# Cinnamon harmful to hedgies?



## PirateHedgie (Oct 28, 2012)

So i have discovered ants in the guinea pig cage... its near the door and its getting colder and had been raining alot so it IS the time of year for spiders and other insects to invade our homes... 

got home today and saw a bunch of ants in the guinea pig cage... no trails no ants anywhere else - honestly it was kinda weird. 
The only thing i can thing of is i let the neighbors big fluffy cat inside earlier and maybe they were in his matted long fur?? is that even possible?

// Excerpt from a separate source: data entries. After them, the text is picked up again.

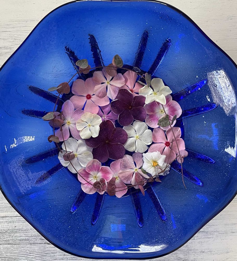 青い💙ガラスの器に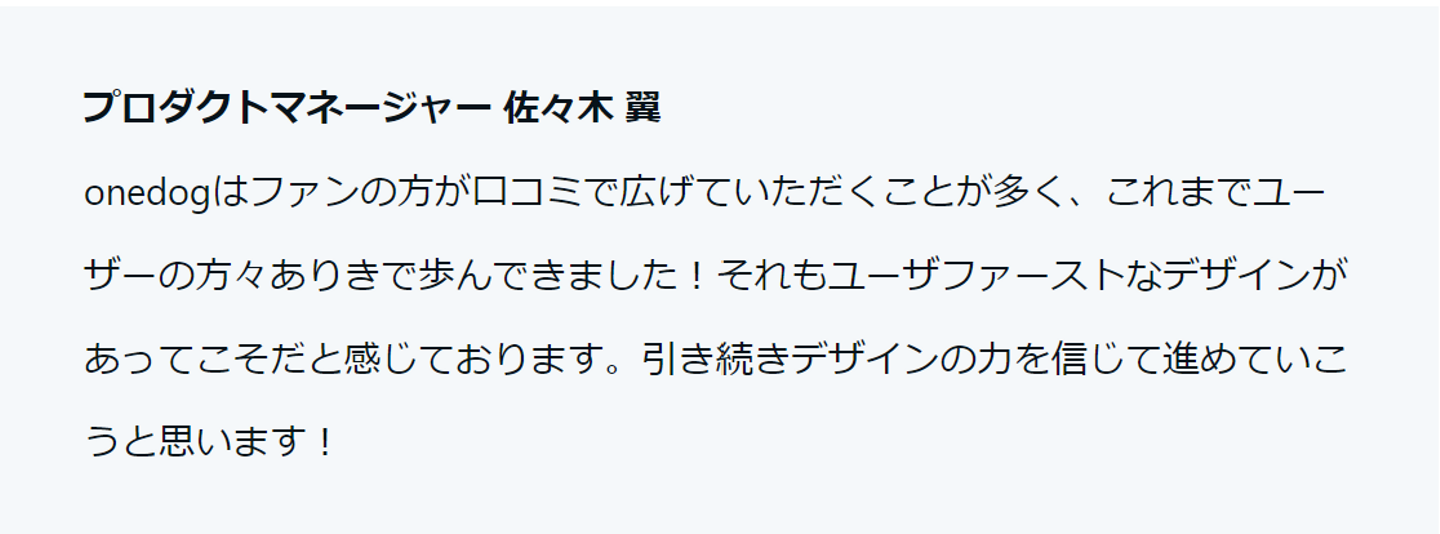 onedogのグッドデザイン賞を受賞することができたのは、これまでのonedogの思想・開発が生んだ成果が、ユーザー(またはターゲット)に向けて価値提供できている(またはでき得る)プロダクトであると評価されたからだと思っています。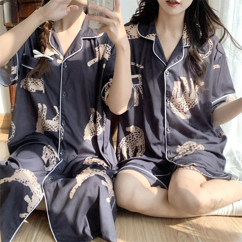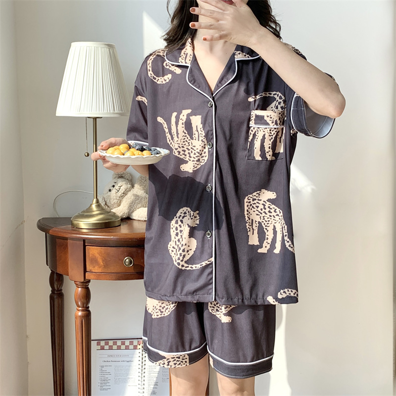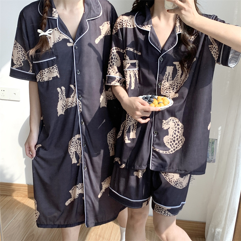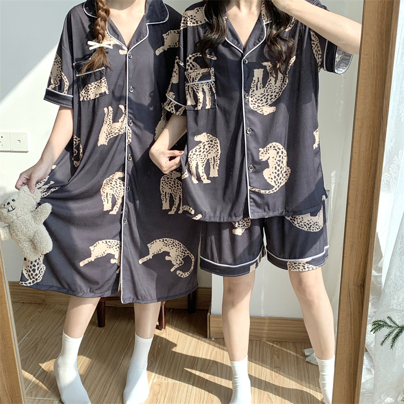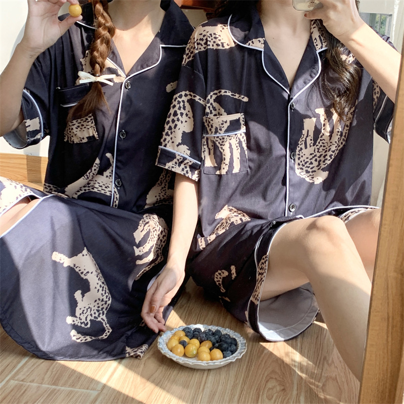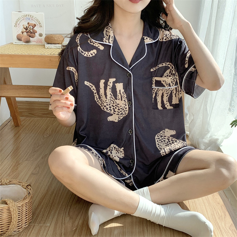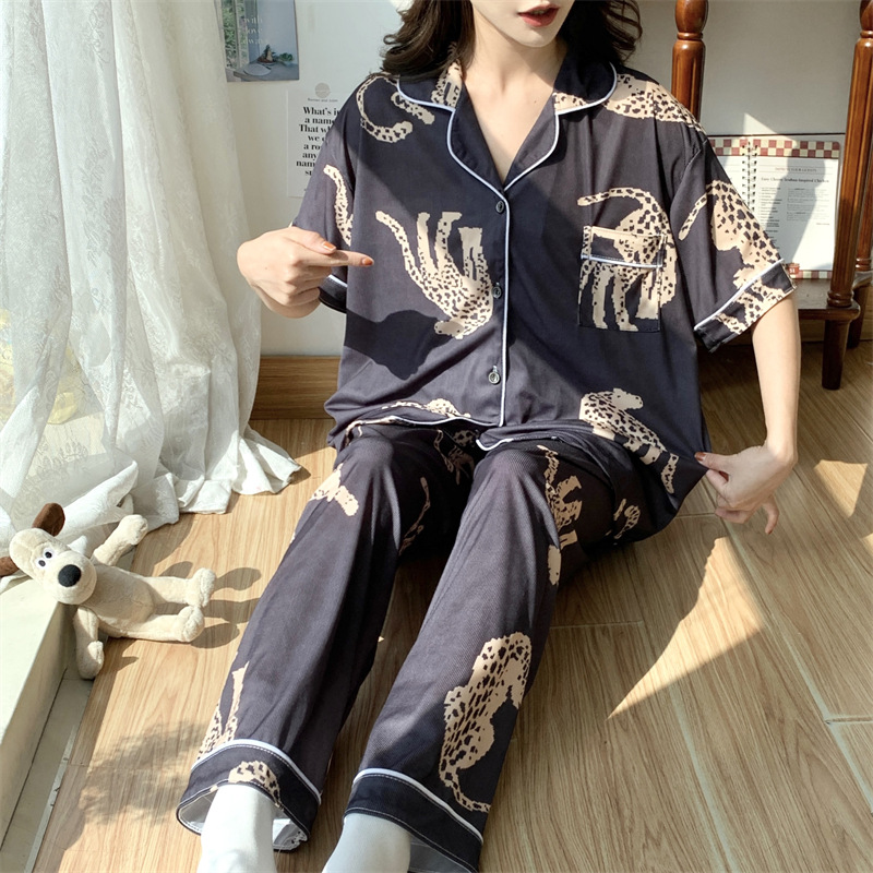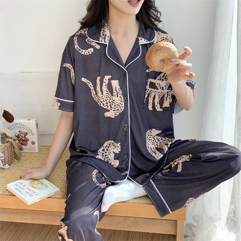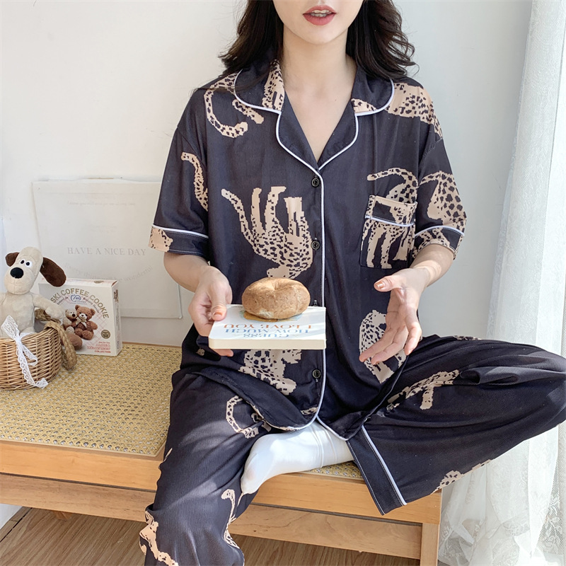 여성용 아이스 실크 반팔 긴바지 3피스 잠옷 세트, 여름용, 큰 사이즈, 뚱뚱한 여성용, 150kg 사이즈, 루즈핏, 만화 캐릭터 홈웨어스토어 가기

:-( So i dont want to put down ant traps because i am afraid of the hedgie eating poisoned ants... i heard cinnamon kills ants and repels them. Is there any danger to the hedgie eating an ant of two with cinnamon? i mean i havent seen ANY in his cage - but just want to make sure.


----------



## Tom (Jul 21, 2013)

I don't think Cinnamon is poisonous. Can't you take the hedgie out and clean the cage?


----------



## abbys (Oct 13, 2012)

For what it's worth, when I've used ant traps (the borax and corn syrup kind) the ants concentrate around the traps and I only ever found a few strays more than 10 feet away. Is there another room you can put your hedgehog in that's far enough away for that? And with all the ants being drawn to the trap it will give you an idea where they are coming from so you can set more traps in the appropriate places.


----------



## abbys (Oct 13, 2012)

Also know that any method you use can take weeks, if not months (ant nests can be huge and it will take a while for the poison to be distributed among the entire colony), so be prepared to be vigilant about keeping an eye out for ants near your hedgie.


----------



## zamxonk (Mar 6, 2013)

Really, we don't know about cinnamon and hedgies. There isn't any research, and as pet owners it behooves us to be cautious because we want to protect our hedgies.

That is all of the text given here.